Task to complete.
Reproduce every record below exactly, without the pictures.

========================

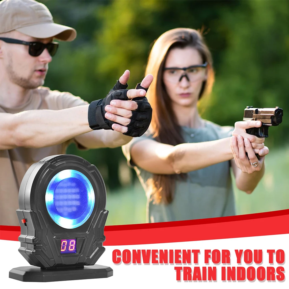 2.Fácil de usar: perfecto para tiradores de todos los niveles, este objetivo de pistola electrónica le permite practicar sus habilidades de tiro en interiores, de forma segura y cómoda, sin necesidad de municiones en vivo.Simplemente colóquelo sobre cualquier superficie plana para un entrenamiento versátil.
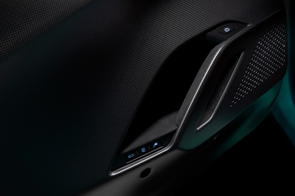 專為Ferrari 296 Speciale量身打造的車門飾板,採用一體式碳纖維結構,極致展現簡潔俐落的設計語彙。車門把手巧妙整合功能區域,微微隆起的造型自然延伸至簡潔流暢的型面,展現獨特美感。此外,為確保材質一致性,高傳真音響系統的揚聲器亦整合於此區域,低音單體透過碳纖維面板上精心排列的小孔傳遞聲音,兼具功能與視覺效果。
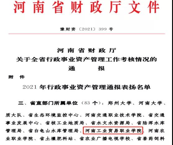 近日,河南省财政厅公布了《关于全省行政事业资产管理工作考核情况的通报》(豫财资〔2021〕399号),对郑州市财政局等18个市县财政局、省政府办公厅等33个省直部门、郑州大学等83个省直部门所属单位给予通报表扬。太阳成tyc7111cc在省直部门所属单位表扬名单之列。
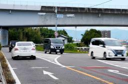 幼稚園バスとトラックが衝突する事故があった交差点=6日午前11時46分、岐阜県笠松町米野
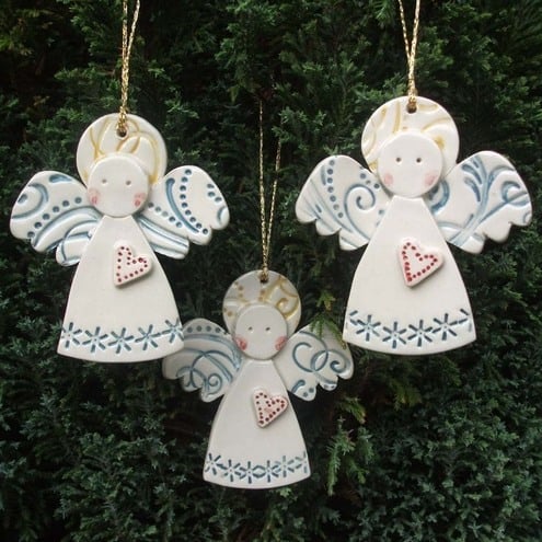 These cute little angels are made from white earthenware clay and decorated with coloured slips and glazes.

========================

Result of this task.
 2.Fácil de usar: perfecto para tiradores de todos los niveles, este objetivo de pistola electrónica le permite practicar sus habilidades de tiro en interiores, de forma segura y cómoda, sin necesidad de municiones en vivo.Simplemente colóquelo sobre cualquier superficie plana para un entrenamiento versátil.
 專為Ferrari 296 Speciale量身打造的車門飾板,採用一體式碳纖維結構,極致展現簡潔俐落的設計語彙。車門把手巧妙整合功能區域,微微隆起的造型自然延伸至簡潔流暢的型面,展現獨特美感。此外,為確保材質一致性,高傳真音響系統的揚聲器亦整合於此區域,低音單體透過碳纖維面板上精心排列的小孔傳遞聲音,兼具功能與視覺效果。
 近日,河南省财政厅公布了《关于全省行政事业资产管理工作考核情况的通报》(豫财资〔2021〕399号),对郑州市财政局等18个市县财政局、省政府办公厅等33个省直部门、郑州大学等83个省直部门所属单位给予通报表扬。太阳成tyc7111cc在省直部门所属单位表扬名单之列。
 幼稚園バスとトラックが衝突する事故があった交差点=6日午前11時46分、岐阜県笠松町米野
 These cute little angels are made from white earthenware clay and decorated with coloured slips and glazes.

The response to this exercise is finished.